Most of the studies that have been carried out have focused on evaluating the role of NPS in helping consumers understand the nutrient compositions and general healthiness of food products, improving their knowledge about proper nutrition and healthy diet (21,22). However, the effect of NPS in persuading consumers to purchase healthier foods has been less studied.

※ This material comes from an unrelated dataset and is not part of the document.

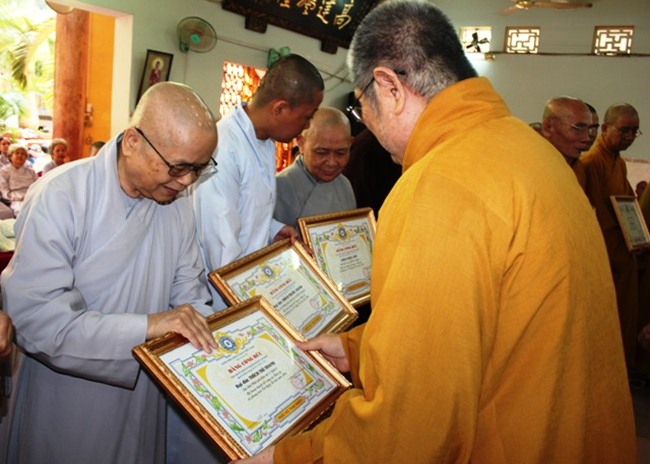 Dịp này, Phật giáo Quận 8 đã đón nhận bằng Tuyên dương Công đức và bằng Công đức do Ban Thường trực Ban Trị sự GHPGVN TP.HCM tặng cho tập thể và cá nhân tích cực đóng góp công tác Phật sự. Ban Tổ chức buổi lễ cũng đón nhận những lẵng hoa gởi đến chúc mừng.
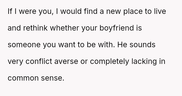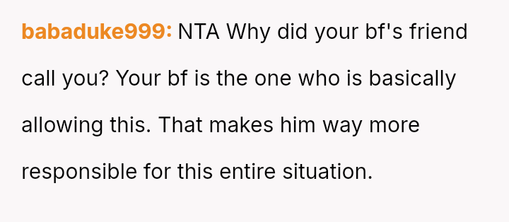 This conflict pits the OP's strong sense of responsibility and past trauma against the couple's decision-making and the boyfriend's desire to avoid domestic tension.

Food shopping is the result of complex behavior that is influenced by multiple sociodemographic factors (eg, gender, race/ethnicity, age, and income level) (23) and contextual factors (eg, knowledge about nutrition, perceived health, taste preference, shopping environment, price, food product alternative, food environment, industry marketing, and political factors) (24,25). A change in the perception of the nutritional value of a food from the reading of the NPS does not necessarily translate into a modification of the purchase. Considering that food quality will ultimately be determined by the purchase and the combined consumption of food, this systematic review aimed to determine the effect of NPS on food purchase.

Materials and methods

Search strategy. A systematic search of the scientific literature was carried out, including data from June 2012 to June 2022, using the following electronic databases: Medline, Elsevier, Scielo, and Lilacs. The search algorithm included all possible combinations of keywords relating the exposure (nutrient profiling OR nutrient profiling system OR nutrient profiling model) and the outcome of interest (food purchases). The results of the study were reported according to the Preferred Reporting Items for Systematic Reviews and Meta Analyzes (PRISMA) model (26).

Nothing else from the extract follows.